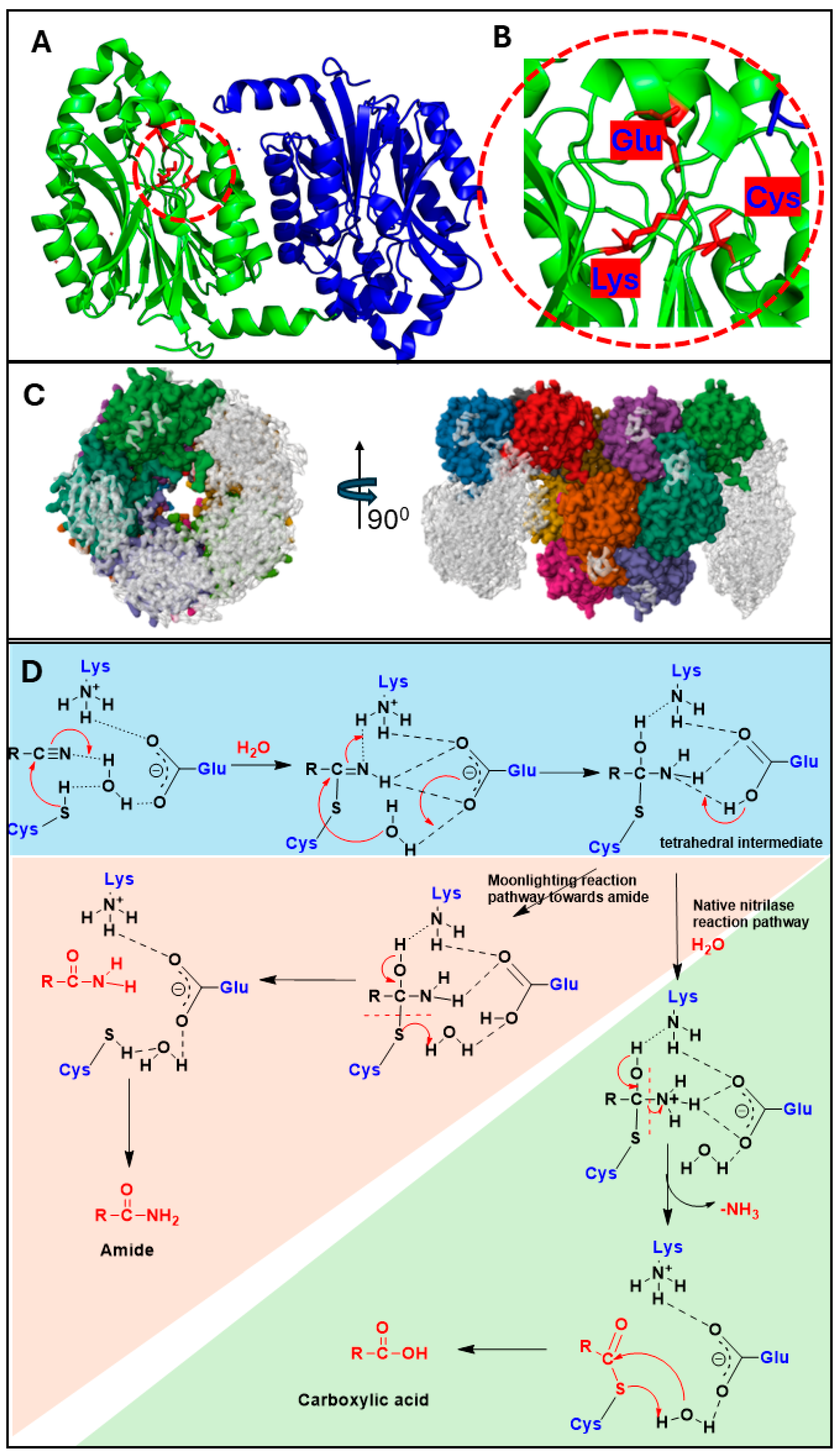 Figure 2. (A) The crystal structure of nitrilase from Synechocystis sp. PCC6803 (Pdb 3WUY). The catalytic triad (Glu-Lys-Cys) in the active site is shown as red sticks. Individual monomers are represented in green and blue cartoons. (B) The active site and catalytic triad. (C) Cryo-EM structure of an active helical nitrilase, the engineered nitrilase 4 from Arabidopsis thaliana (EMD-0320), showing higher order helical twist complex. (D) The proposed reaction mechanisms for the nitrilase-catalysed reaction. The native reaction pathway to the formation of carboxylic acid and the mechanism for moonlighting reaction that forms amide products are also shown.
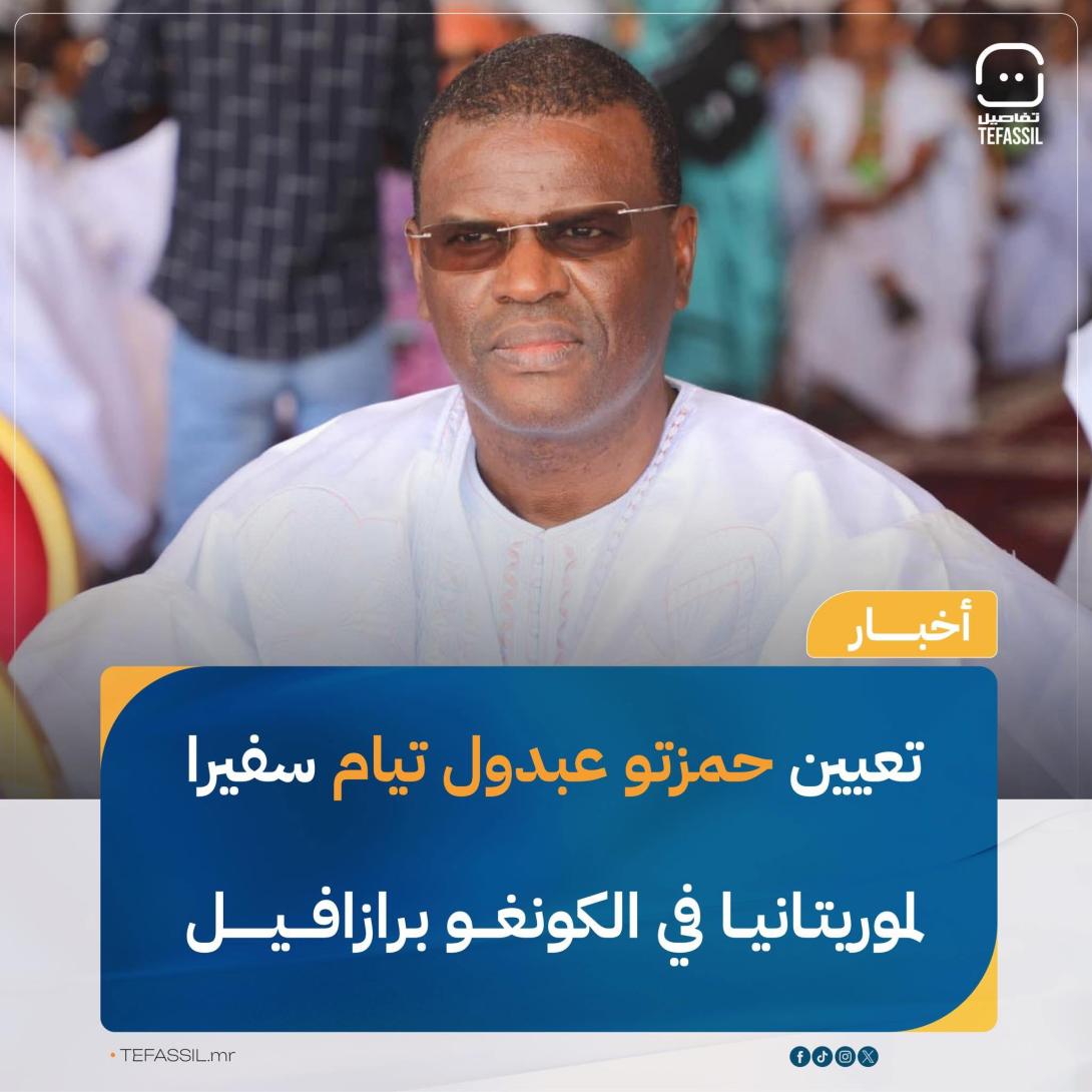 أكدت مصادر مطلعة لـ«تفاصيل» تعيين حمزتو عبدول تيام سفيرا لموريتانيا لدى جمهورية الكونغو برازافيل، وذلك ضمن التغييرات الأخيرة التي شهدها السلك الدبلوماسي الموريتاني.
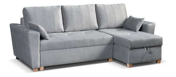 Moderna kutna garnitura; pogodna za dnevni boravak, ured ili recepciju. Kauč ima dva pretinca za odlaganje i mogućnost razvlačenja za povremeno spavanje dimenzija 126×204 cm.
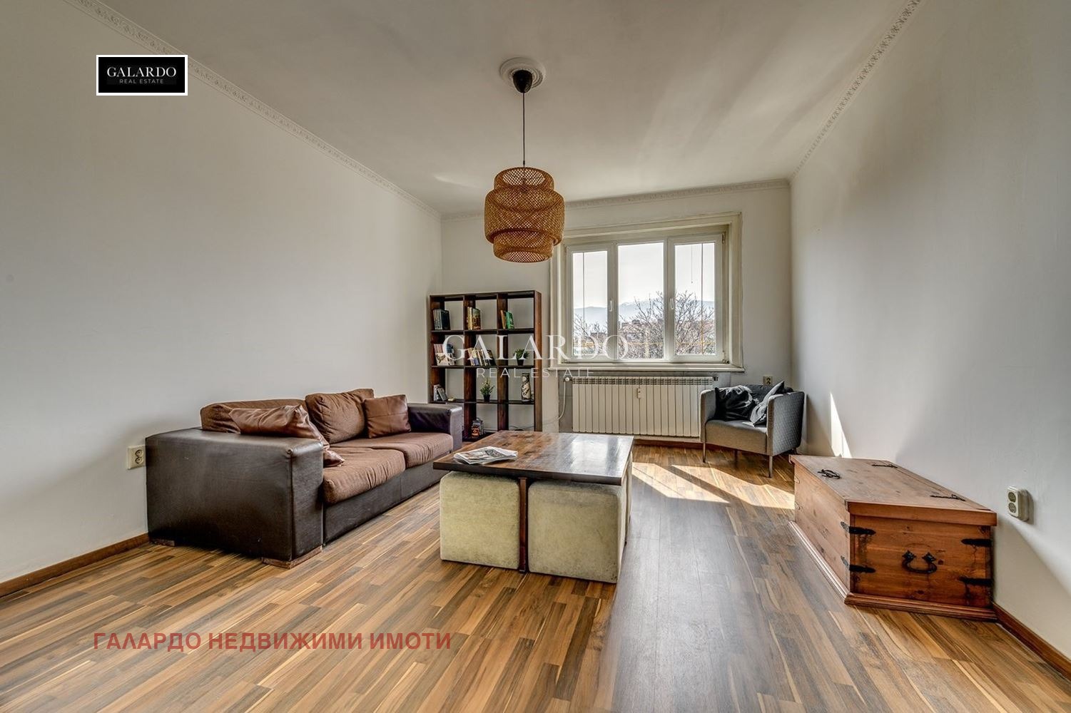 Апартаментът е с площ от 113 кв.м. и е разположен на пети етаж на сградата. Имотът впечатлява с простор, високи тавани и функционално разпределение входно антре, вестибюл с кухненска част, хол, три самостоятелни стаи, баня с тоалетна, тоалетна, 2 балкона. Южното изложение на всекидневната и голямата спалня осигуряват естествена светлина през целия ден, а гледките към тих вътрешен двор със зеленина и Витоша създават усещане за спокойствие в самия център на града.
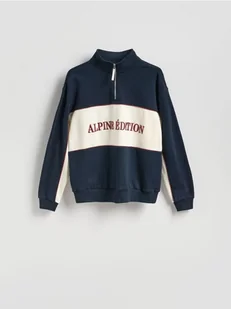 Reserved - Bawełniana bluza ze stójką - granatowy
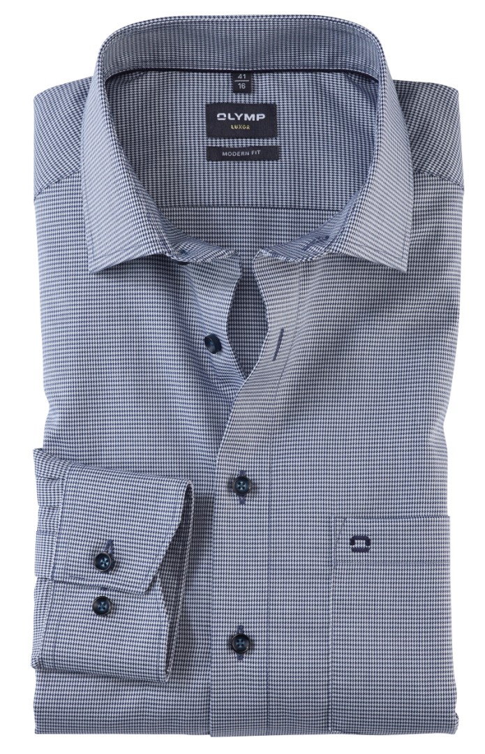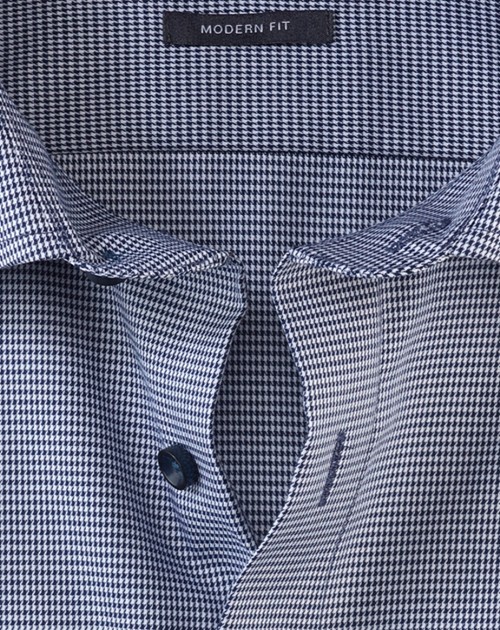 Das Hemd mit Faux-Uni-Textur begeistert durch die intensive Uni-Farbwirkung und bei näherem Hinsehen durch das besonders feine, leicht changierende Webmuster in blau. Kurz gesagt - Körperbetont, weltoffener Global Kent Kragen, bügelfrei und edel im Look
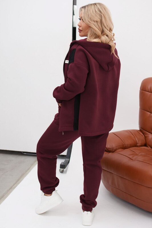 Глубокий бордовый оттенок делает костюм выразительным, стильным и универсальным для холодного времени года. Он сочетает в себе уют и эффектный внешний вид, прекрасно гармонирует с зимней обувью, пуховиками, жилетами и аксессуарами. Такой комплект подойдёт для прогулок, поездок, городской активности, отдыха дома и любых ситуаций, где важны комфорт и привлекательный внешний вид.
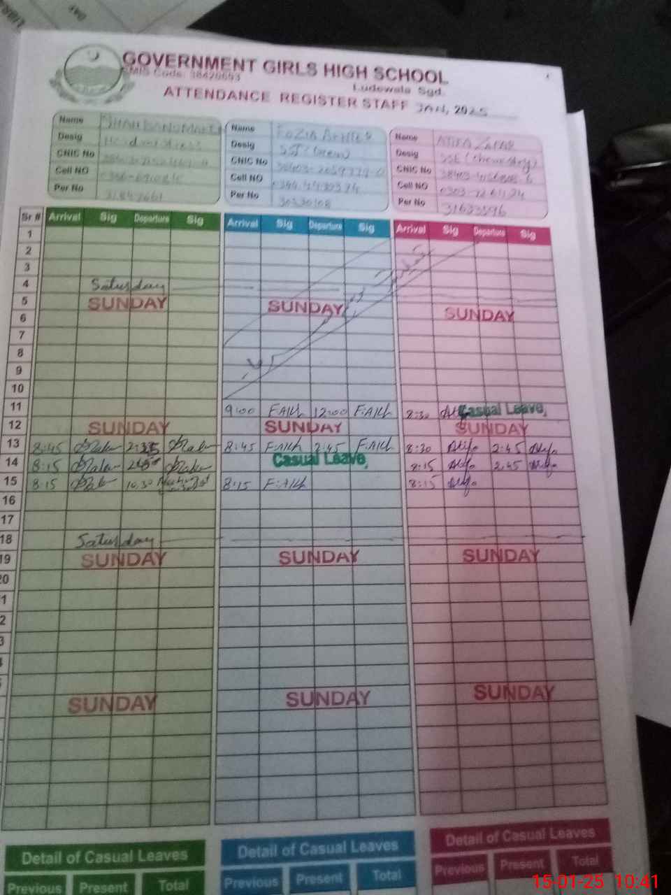 | CNIC | Full Name | Designation | R/C | Absence during last cal. month |

=====

• ACTIVITY
The expected output is an exact copy of the lines from the top of the data above through the line containing "أكدت مصادر مطلعة", both included, with every picture omitted.

• RESULT
 Figure 2. (A) The crystal structure of nitrilase from Synechocystis sp. PCC6803 (Pdb 3WUY). The catalytic triad (Glu-Lys-Cys) in the active site is shown as red sticks. Individual monomers are represented in green and blue cartoons. (B) The active site and catalytic triad. (C) Cryo-EM structure of an active helical nitrilase, the engineered nitrilase 4 from Arabidopsis thaliana (EMD-0320), showing higher order helical twist complex. (D) The proposed reaction mechanisms for the nitrilase-catalysed reaction. The native reaction pathway to the formation of carboxylic acid and the mechanism for moonlighting reaction that forms amide products are also shown.
 أكدت مصادر مطلعة لـ«تفاصيل» تعيين حمزتو عبدول تيام سفيرا لموريتانيا لدى جمهورية الكونغو برازافيل، وذلك ضمن التغييرات الأخيرة التي شهدها السلك الدبلوماسي الموريتاني.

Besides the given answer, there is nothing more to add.